#### [Raw data]

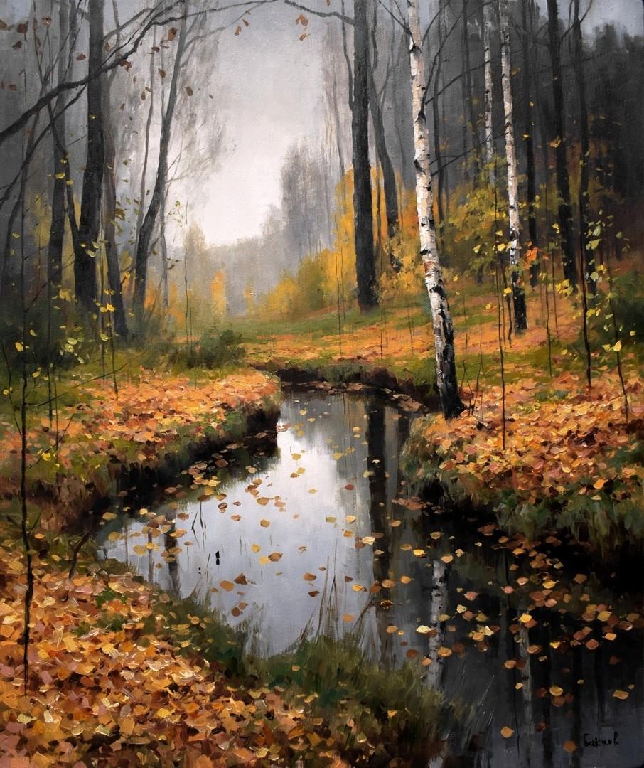 Для работ этого живописца одним объединяющим словом является пронзительность. Которая наряду с игрой света делает его пейзажи особенными. Роман любит писать с натуры, на природе. Это позволяет максимально точно передать тона и полутона, поймать нужный свет, уловить настроение одного дня и момента, который никогда больше не повторится.
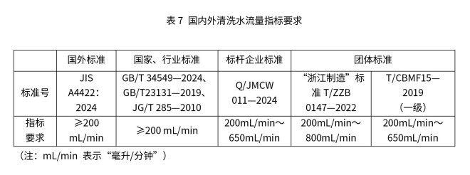 智能马桶清洗水流量是指其在开启臀洗、妇洗等清洗功能时,单位时间内从喷杆出水口排出的水量,核心衡量指标为“毫升/分钟(mL /min)”,本质是描述清洗水流的强度与效果。智能马桶清洗水流量既决定了清洗过程中水流是否足够清洁污物,也直接影响冲洗时的体感舒适度,是平衡清洁效果与使用体验的关键参数。国内外标准中清洗水流量的最低要求见表7。
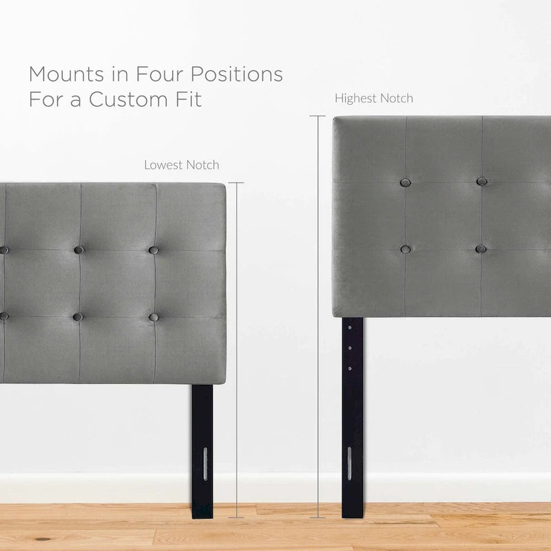 Add a touch of timeless elegance to your bedroom with the Carson Carrington Labbgard Queen Tufted Velvet Headboard. This headboard features charming button tufting that exudes vintage glamour and classic appeal, while its plush velvet upholstery provides a luxurious feel. Relax, read or converse in bed with the soft and stain-resistant fabric of this queen size headboard. Constructed with plywood and fiberboard, and equipped with dense foam padding, this headboard is built to last. It comes with five mounting positions that are adjustable in height from 45' - 52.5', making it easy to fit onto any queen bed frame.

#### [Problem to work on]
Since the pictures are not wanted, repeat only the rest of the material, exactly as given.

#### [Exercise answer]
 Для работ этого живописца одним объединяющим словом является пронзительность. Которая наряду с игрой света делает его пейзажи особенными. Роман любит писать с натуры, на природе. Это позволяет максимально точно передать тона и полутона, поймать нужный свет, уловить настроение одного дня и момента, который никогда больше не повторится.
 智能马桶清洗水流量是指其在开启臀洗、妇洗等清洗功能时,单位时间内从喷杆出水口排出的水量,核心衡量指标为“毫升/分钟(mL /min)”,本质是描述清洗水流的强度与效果。智能马桶清洗水流量既决定了清洗过程中水流是否足够清洁污物,也直接影响冲洗时的体感舒适度,是平衡清洁效果与使用体验的关键参数。国内外标准中清洗水流量的最低要求见表7。
 Add a touch of timeless elegance to your bedroom with the Carson Carrington Labbgard Queen Tufted Velvet Headboard. This headboard features charming button tufting that exudes vintage glamour and classic appeal, while its plush velvet upholstery provides a luxurious feel. Relax, read or converse in bed with the soft and stain-resistant fabric of this queen size headboard. Constructed with plywood and fiberboard, and equipped with dense foam padding, this headboard is built to last. It comes with five mounting positions that are adjustable in height from 45' - 52.5', making it easy to fit onto any queen bed frame.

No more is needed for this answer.